Panethnic groups in the Township of Scugog (2001−2021)
| Panethnic group | 2021 |  | 2016 |  | 2011 |  | 2006 |  | 2001 |  |
| Pop. | % | Pop. | % | Pop. | % | Pop. | % | Pop. | % |
| European | 19,670 | 92.41% | 20,140 | 94.78% | 20,370 | 96.11% | 20,585 | 97.31% | 19,325 | 96.79% |
| Indigenous | 500 | 2.35% | 445 | 2.09% | 315 | 1.49% | 180 | 0.85% | 235 | 1.18% |
| East Asian | 300 | 1.41% | 155 | 0.73% | 205 | 0.97% | 160 | 0.76% | 135 | 0.68% |
| South Asian | 295 | 1.39% | 150 | 0.71% | 40 | 0.19% | 75 | 0.35% | 60 | 0.3% |
| African | 155 | 0.73% | 120 | 0.56% | 30 | 0.14% | 70 | 0.33% | 80 | 0.4% |
| Middle Eastern | 95 | 0.45% | 25 | 0.12% | 60 | 0.28% | 15 | 0.07% | 0 | 0% |
| Southeast Asian | 85 | 0.4% | 120 | 0.56% | 65 | 0.31% | 25 | 0.12% | 115 | 0.58% |
| Latin American | 85 | 0.4% | 45 | 0.21% | 50 | 0.24% | 15 | 0.07% | 10 | 0.05% |
| Other/multiracial | 105 | 0.49% | 70 | 0.33% | 35 | 0.17% | 50 | 0.24% | 25 | 0.13% |
| Total responses | 21,285 | 98.63% | 21,250 | 98.3% | 21,195 | 98.27% | 21,155 | 98.68% | 19,965 | 98.97% |
| Total population | 21,581 | 100% | 21,617 | 100% | 21,569 | 100% | 21,439 | 100% | 20,173 | 100% |
Note: Totals greater than 100% due to multiple origin responses

==In film==
- The 1973 TV movie, The Thanksgiving Treasure, starring Jason Robards, was partially filmed at the general store in Seagrave, and at a farm on Old Simcoe Road just to the west of Seagrave.
- The 1978 TV movie, Home to Stay, starring Henry Fonda, was shot on a farm on 12 Scugog Line and at Seagrave.

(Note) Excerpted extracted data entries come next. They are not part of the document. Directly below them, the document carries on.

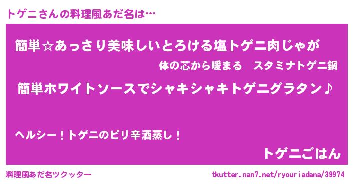 | 胡散臭い通販商品みたいなあだ名 | 『全米が絶賛したサプリメント…その名も「トゲニ」』 |
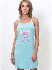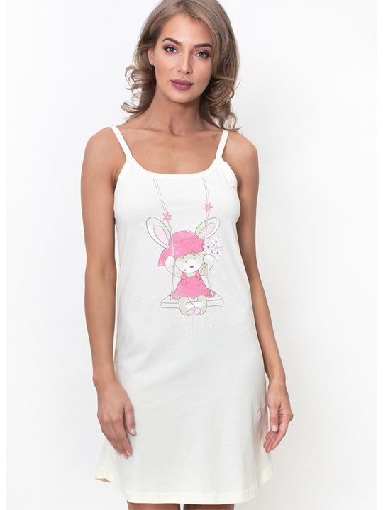 Женская туника с изображением зайчика с букетом ромашек. Тонкие бретели красиво открывают шею и плечи. Короткая юбка удобна для сна или активных домашних дел. Ткань полностью хлопковая, впитывает пот и позволяет коже дышать.
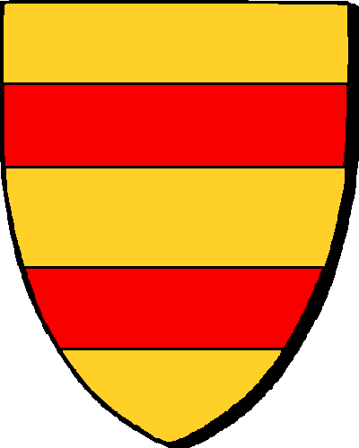 ramage de Poher barons dudit lieu en 1512 et seigneurs de Locquénvel, en Duault; de Kerelleau, en Kermaria-Sulard; barons du Vieux-Châtel, en Plounévez-Porzay; seigneurs de Saint-Bihy, en Plélo; de Tressigneaux, en Plounez; du Dresnay, en Plougras; de la Roche, de l'Oursière, de la Ville-Chevalier, en Plouagat; du Plessix-Eon et de Kerjean, en Plufur; de Kerampont, du Clos, de Kerlabourat, en Saint-Gilles-Pligeau; de Kerhoz, en Pleubian; de la Saissonnais, de Castelriec, de la Croix-Cholin, en Ploufragan; de la Villetual, de la Villeglé, de Kerlan, en Sibiril; de Keroc'hant et du Mescam, en Hanvec; de Kerprigent, en Plounérin; de Kerbridou et du Rest, en Plouézoc'h; de Guernisac et du Vieux-Châtel, en Taulé; de Pontplancoët, en Plougasnou; de Kermouster, en Langoat; de Châteaufur, en Plounévez-Lochrist; de Kermartin, en Minihy-Tréguier; de la Vieille-Motte, en Tonquédec; de Saint-Hugeon, en Brélévénez; de Kernéguez (Loguivy-Lannion ?) "burelé d'argent et de gueules de dix pièces" "goudreustellet etre arc'hant ha gwad a zek pezh" sceau / siell 1372 devise / ger-ardamez : E peb amzer, Quélen (En tout temps Quélen) (PPC) |
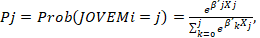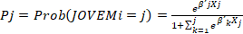 é a variável aleatória que indica a escolha feita; P é a probabilidade do evento j ocorrer; é a matriz de características dos indivíduos e β é o vetor de parâmetros a ser estimado.
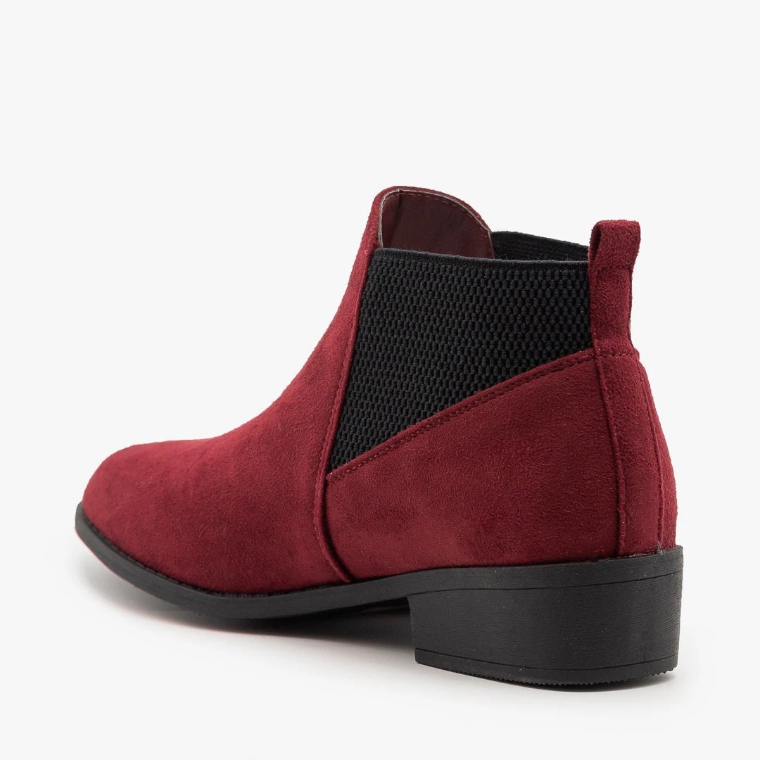 Kick up the dust in these super cute Wild Diva Shoes Eve-01 booties! Crafted with faux suede for a soft finish, these booties feature an approx. 1/2″ block heel and a stylish almond shaped toe. Angled elastic panels on both sides add a unique textural touch and let you slip these booties on and off with ease. The beautiful burgundy color of these booties makes them look amazing with nearly any outfit! Try pairing them with black tights, a dark olive-colored dress and a denim jacket for a super cute look! Made with all man-made/vegan materials and runs true to size.

- Parts of the 1996 film Fly Away Home were filmed in Scugog.
- The downtown scenes from 2004's Welcome to Mooseport were shot in Port Perry.
- The downtown scenes from Hemlock Grove were shot in Port Perry.
- In Season 3 "Lakeside" of American Gods, some parts were shot in downtown Port Perry. They painted the mill black and made other little changes around the town.